In Paul’s great defense of salvation and growth by faith rather than by works, Paul asserts that “the law is not of faith” (Galatians 3:12, ESV).

Paul rebukes the Galatians for acting as if their growth (or sanctification) would come from works or obeying the law. He challenges them with a rhetorical question: “Did you receive the Spirit by the works of the law, or by believing what you heard?” (Galatians 3:2). They knew the answer. They had been born again and received the Spirit of God by grace through faith.
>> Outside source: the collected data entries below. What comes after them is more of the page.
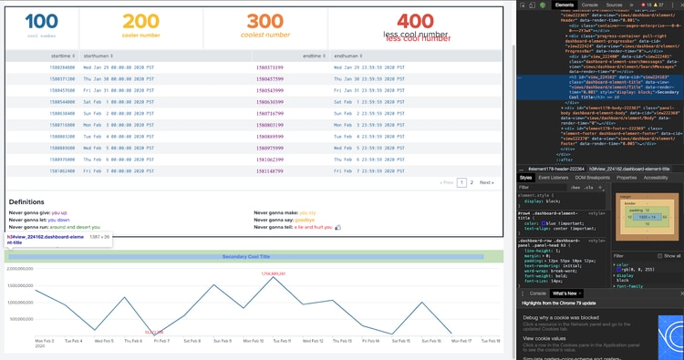 So let’s get into how to use the Developer Tools to figure out what the element is even called that you want to edit. In the top left corner of the Developer Tools you can click on the little mouse icon to hover around the dashboard and click on an element and it will take you right to where you need to go in the code. As you can see in the image below, I’m hovered over “Secondary Cool Title” and the class name is called “dashboard-element-title”. One thing to remember is that element IDs are notated with # (hash) and classes are notated with . (dot). There are more selectors that can be used, if needed. That’s all I really need to know here. I have an ID attached to this row, so the class is all I need to start editing the title.
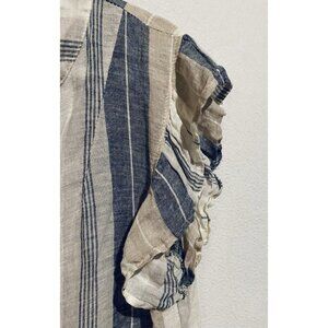 Lungo Larno Top Womens Large Striped Flutter Sleeve Linen Button Up Beachy
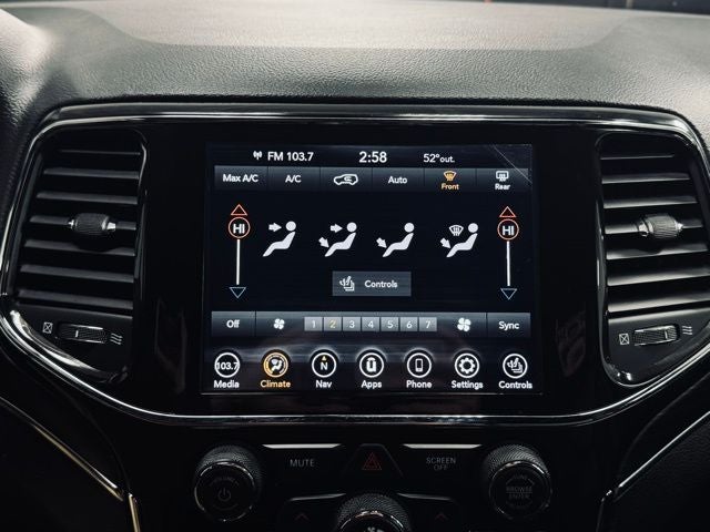 Slip into the driver's seat and experience the comfort of the leather-trimmed bucket seats. Stay connected with the Uconnect 4C Nav system, featuring an 8.4-inch display and seamless integration with your smartphone. Enjoy the convenience of the heated steering wheel, dual-zone automatic climate control, and the panoramic moon roof that floods the cabin with natural light.
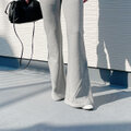 【新作】スタイルアップ!美脚効果抜群!綿100切り替えブーツカットパンツ(ライトグレー)22031GL
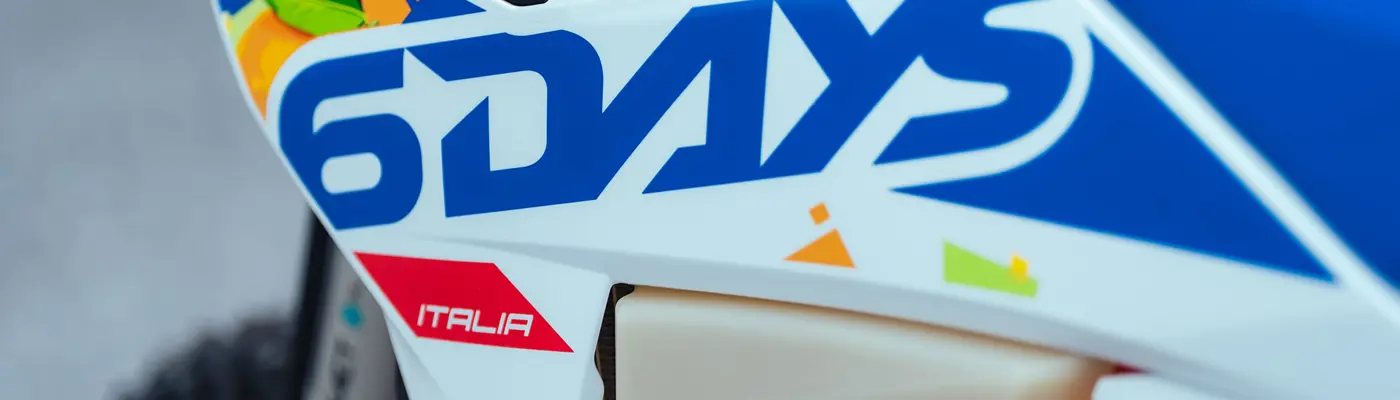 The KTM 6DAYS range sends a high-flying salute to the ISDE Italia, with striking graphics incorporating the colors of the Italian flag, a glossy orange frame, and striking blue finishes.

The next step in Paul’s defense of faith-over-law is a series of logical follow-up rhetorical questions. If they had begun their new walk by the Spirit of God (whom they had received by faith), then why are they expecting their growth and maturing would be accomplished by the works of the flesh (Galatians 3:3)? Had everything they had been through to that point been in vain (Galatians 3:4)? Does the One who provides the Spirit of God accomplish His work among them by works of law or by faith in the gospel (Galatians 3:5)? The point is that it is contradictory to acknowledge the role of faith at the beginning only to turn back to works and obedience to law. The law is not of (or from) faith (Galatians 3:12).

In case the Galatians had forgotten, Paul reminds them that Abraham, who lived long before the law was given, was justified by God by faith. Abraham believed in God, and it was counted to him as righteousness (Galatians 3:6; referencing Genesis 15:6). Those who share Abraham’s faith are his “children” (Galatians 3:7). The Galatians were counting themselves as Abraham’s children, perceiving their need to uphold their ancient heritage. Paul reminds them that the legacy of Abraham was not obedience to law or works of the flesh; it was faith in God.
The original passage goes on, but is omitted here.